Nous ne faisons pas les mêmes choix éthiques dans notre langue maternelle que dans une langue étrangère. Eh oui, la moralité est plastique

Vous aussi, vous avez l’impression d’être une personne un peu différente lorsque vous vous exprimez dans une autre langue que votre langue maternelle? Le Scientific American, le célèbre mensuel de vulgarisation scientifique américain, rend compte dans sa dernière édition d’expériences «fascinantes» dont il ressort que notre sens de la morale, qui fait une grande part de notre identité profonde, est altéré lorsqu’il faut faire des choix dans une langue étrangère.

La première expérience date de 2014, elle proposait à des volontaires une nouvelle version du «dilemme du tramway», l’expérience originale remontant à 1967: Actionnerez-vous l’aiguillage qui tuera une personne pour en sauver cinq? Peut-on, faut-il provoquer un décès pour en éviter d’autres? C’est ce que choisissent la plupart des participants. Les interprétations et les critiques de cette expérience sont innombrables, comme «Le Temps» en a rendu compte en 2015:

Lire aussi: Le «dilemme du tramway» a déraillé (17.04.2015)

Mais tout se complique lorsqu’on précise que la personne qui devra être sacrifiée doit être poussée du haut d’un pont pour stopper le tramway fou, et qu’on pose la question dans une langue qui a été apprise. Alors que 20% des volontaires reconnaissent qu’ils pourraient le faire quand le choix cornélien est proposé dans leur langue maternelle, la proportion passe à 50% quand le choix est proposé dans une langue d’apprentissage.

Avec un dispositif très différent, une autre expérience montre que des récits que beaucoup trouvent moralement répréhensibles (inceste consenti entre frère et sœur, un chien mangé par son propriétaire après que l’animal est passé sous une voiture…) sont jugés beaucoup moins choquants lorsque les descriptions sont faites dans une langue étrangère.

La langue intime, plus «morale»

Plusieurs explications coexistent, explique le «Scientific American». Selon la première, nous ferions des choix plus simples et plus expéditifs dans une langue étrangère car le choix est plus compliqué pour notre cerveau, moins préparé à un effort difficile. Les expériences qui montrent qu’on fait moins d’erreurs d’inattention dans un problème de maths quand il est écrit dans des caractères plus compliqués qui demandent plus de concentration, iraient dans le même sens.

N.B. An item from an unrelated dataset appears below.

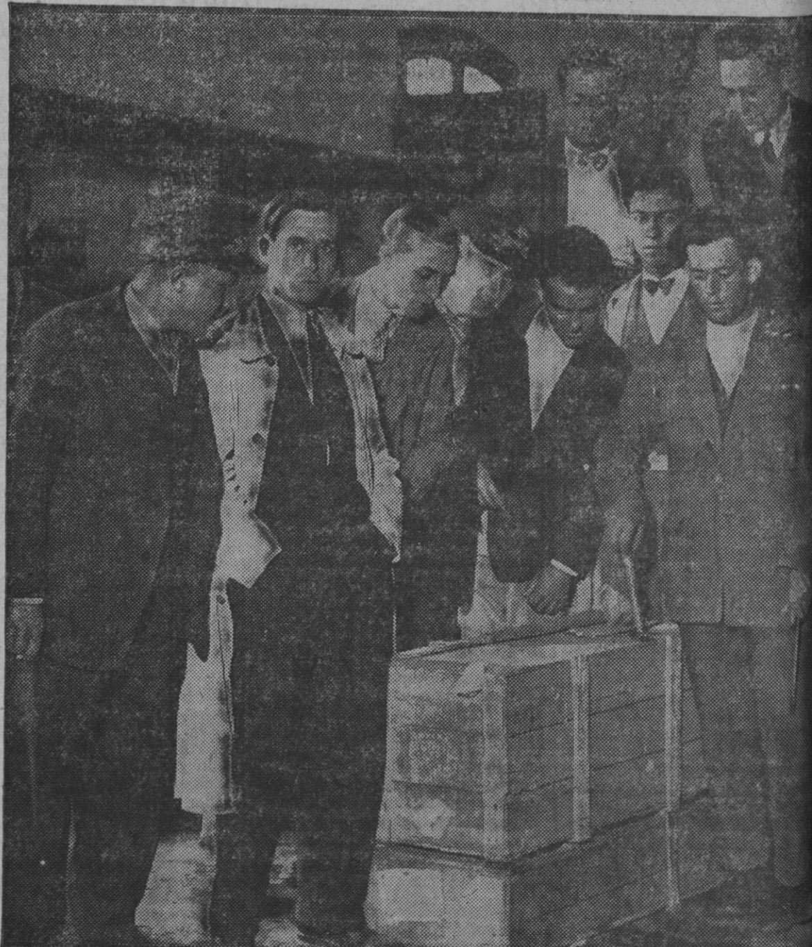
Empleados del muelle de gran velocidad de la estación de Atacha, en el momento de ser descubierta la mercancía

L’autre explication est que notre langue maternelle fait davantage appel à nos émotions et à notre intimité qu’une langue apprise dans un contexte scolaire et académique. On sait par exemple que les bilingues se rappellent mieux d’un événement lorsqu’il est évoqué dans la langue dans laquelle il s’est produit. Une expérience fondée sur la conductivité électrique de la peau, qui augmente avec l’adrénaline, a aussi été menée sur des personnes ayant grandi en parlant turc et ayant appris l’anglais plus tard. Ces personnes ont été soumises aux mêmes mots et phrases soit neutres («table») soit avec une dimension affective et morale (des réprimandes comme «Shame on you», des mots tabous comme des jurons), prononcés en anglais et en turc. Il en ressort que leurs émotions étaient bien plus intenses lorsque les mots étaient prononcés en turc, comme si la langue maternelle conservait des traces, des souvenirs de transgression et de punition, impactant donc notre jugement moral dans notre langue maternelle.

Dernière expérience compilée par le «Scientific American»: les participants ont reçu des scénarios moraux complexes, des bonnes intentions aboutissant à des conséquences négatives (un sans-abri qui reçoit un manteau neuf et qui se fait battre ensuite parce qu’on pense qu’il l’a volé) ou des conséquences positives partant de mauvaises intentions (une adoption réussie par un couple qui cherchait des subventions). Il en ressort que le jugement moral prend moins d’importance que le résultat final lorsque le scénario est présenté dans une langue apprise. Le résultat compte plus que l’intention, en langue étrangère.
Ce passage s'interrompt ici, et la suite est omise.